In February this year, a Mastodon user casually typed a sentence and threw it at four mainstream large models: "I want to wash my car. My home is only 50 meters away from the car wash. Do you recommend that I walk there or drive there?"

Original post link: https://mastodon.world/@knowmadd/116072773118828295

The answer is obvious. You're going to wash your car, and the car is at home. If you walk there, what are you going to wash? Of course, you have to drive there.

But AI doesn't think so.

With a distance of 50 meters, the failure rate is 80%

ChatGPT said to walk there and not to complicate simple things. DeepSeek said it's not necessary to drive for a 50 - meter distance, which is environmentally friendly and healthy. Kimi strongly recommended walking and even kindly listed five reasons. Qianwen did some calculations and said that it takes about 1 - 2 minutes to walk, while driving requires starting the car, parking, and locking the car, so the actual time spent is longer. Some models even thought about the follow - up and said that if you drive there and back, the washed car will get dirty again.

Excuse me: Am I going to take a shower or wash my car?

I can't hold it anymore! A car - washing question has stumped major AI models.

Opper AI then conducted a systematic test on 53 mainstream models. Only 11 got the answer right in a single call, and 42 recommended walking, with a failure rate of over 80%.

When the same question was asked 10 times, only 5 models could answer correctly consistently. Gemini was one of the few who saw through the trap at a glance, and its reply even carried a bit of mockery: "Unless you have the superpower of washing a car from a distance, you should drive there."

A subsequent retest of 131 models basically confirmed this ratio.

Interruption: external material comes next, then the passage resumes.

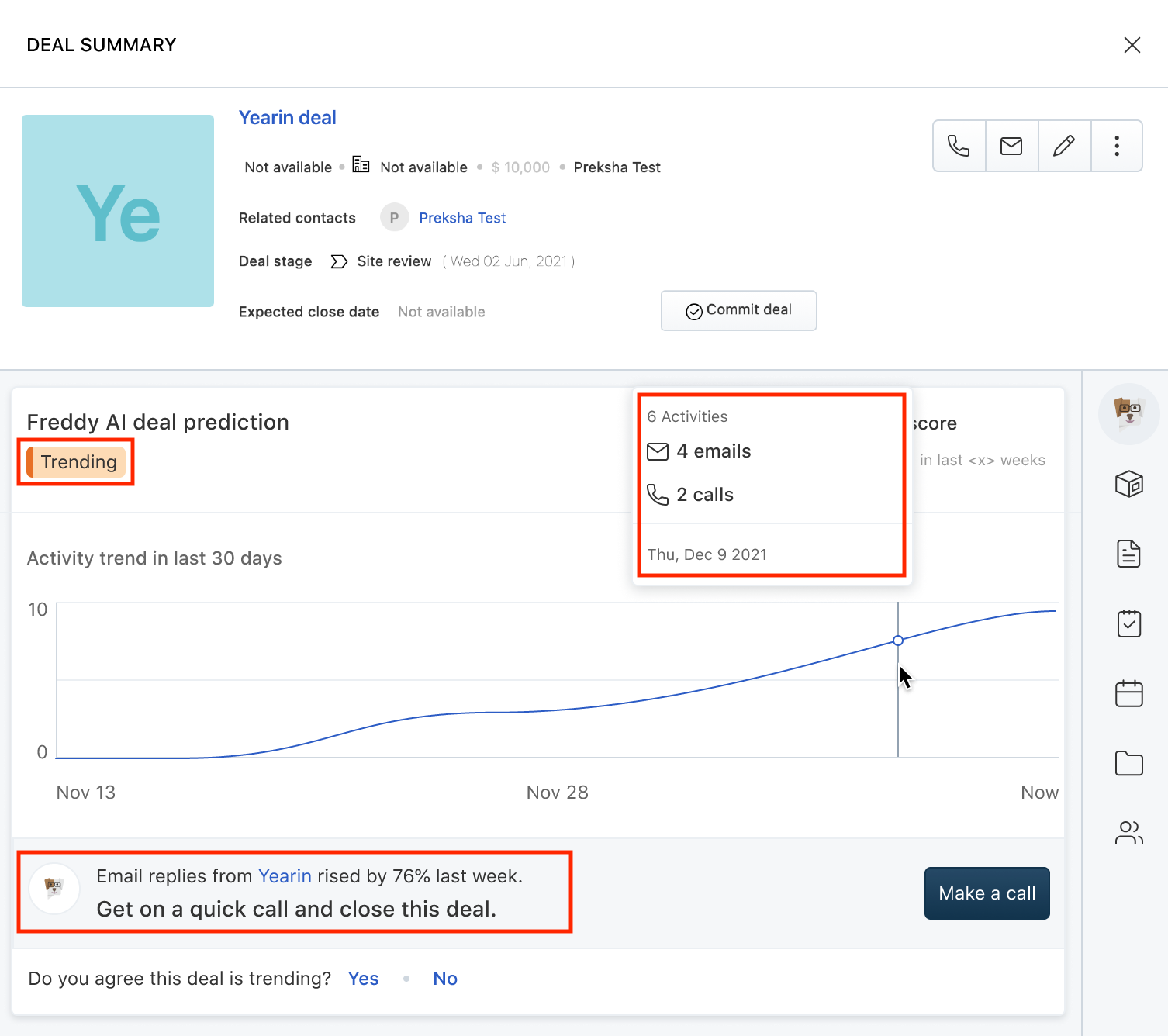 Observação: o Freddy Deal Insights funciona com base em um modelo de ML. O modelo é atualizado uma vez a cada 30 minutos.
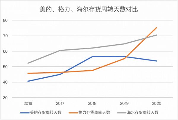 董明珠大力宣传的渠道改革看起来也收效甚微。从存货周转天数来看,2017年以来,格力的存货周转天数一直在上升,2020年的存货周转天数达到75天,说明格力有积压了较多的存货,销售状况也不如以前。

The number 50 meters is like a magnet, firmly attracting all the attention of the models.

They carried out a rigorous argument around the false question of "whether one should drive for a short distance", with self - consistent logic and clear organization, ranging from energy conservation and emission reduction to physical exercise. However, they missed the most basic premise of the whole thing: the car is the object to be washed, not your means of transportation.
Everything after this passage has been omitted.